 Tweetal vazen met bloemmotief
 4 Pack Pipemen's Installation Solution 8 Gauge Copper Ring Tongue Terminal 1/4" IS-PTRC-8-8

____________________

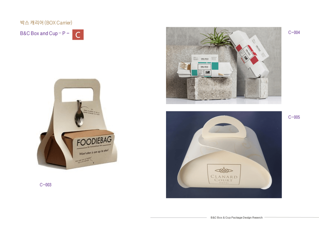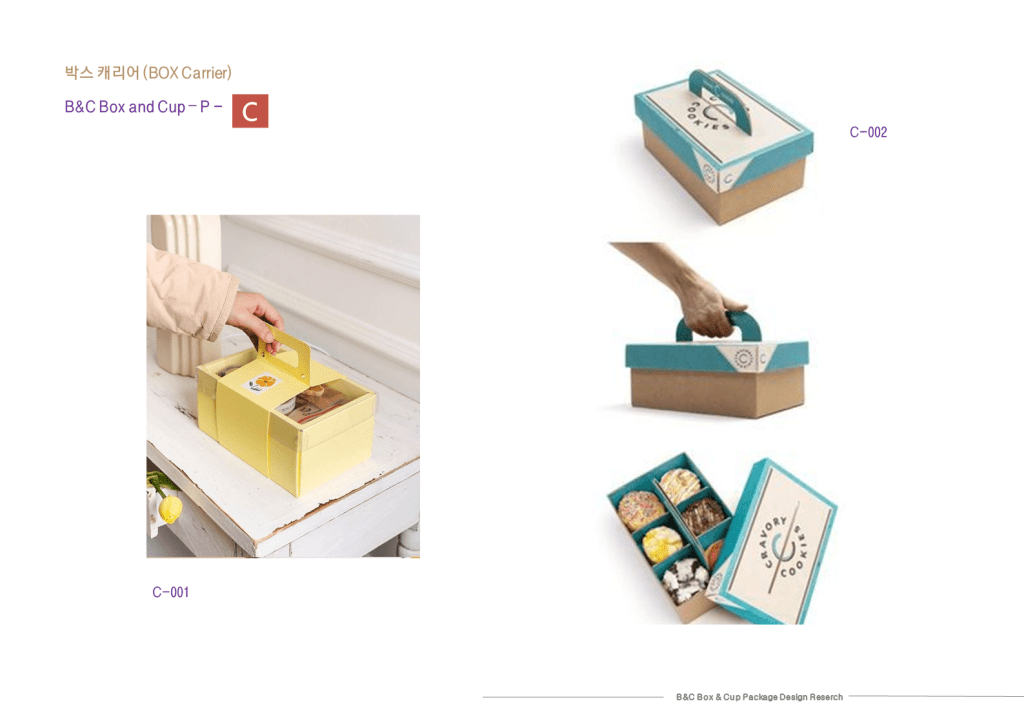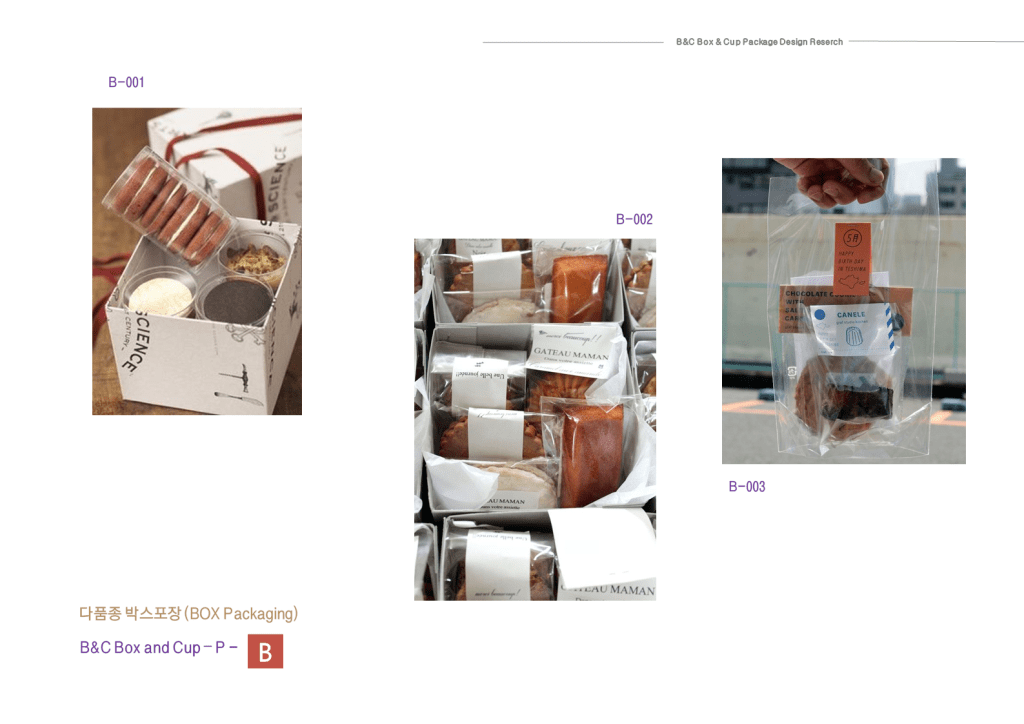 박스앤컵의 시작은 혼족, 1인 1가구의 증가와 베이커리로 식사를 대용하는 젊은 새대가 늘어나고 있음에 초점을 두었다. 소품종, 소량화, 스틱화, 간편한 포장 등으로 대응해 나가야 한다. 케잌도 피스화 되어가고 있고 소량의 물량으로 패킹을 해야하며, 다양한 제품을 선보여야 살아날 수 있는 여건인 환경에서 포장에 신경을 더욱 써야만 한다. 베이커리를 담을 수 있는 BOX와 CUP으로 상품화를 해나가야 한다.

____________________

*What this task involves:*
Search the listing above for the lines with "Tweetal vazen met bloemmotief" and "4 Pack Pipemen's", then output those lines and all lines between them exactly.

*Task solution:*
 Tweetal vazen met bloemmotief
 4 Pack Pipemen's Installation Solution 8 Gauge Copper Ring Tongue Terminal 1/4" IS-PTRC-8-8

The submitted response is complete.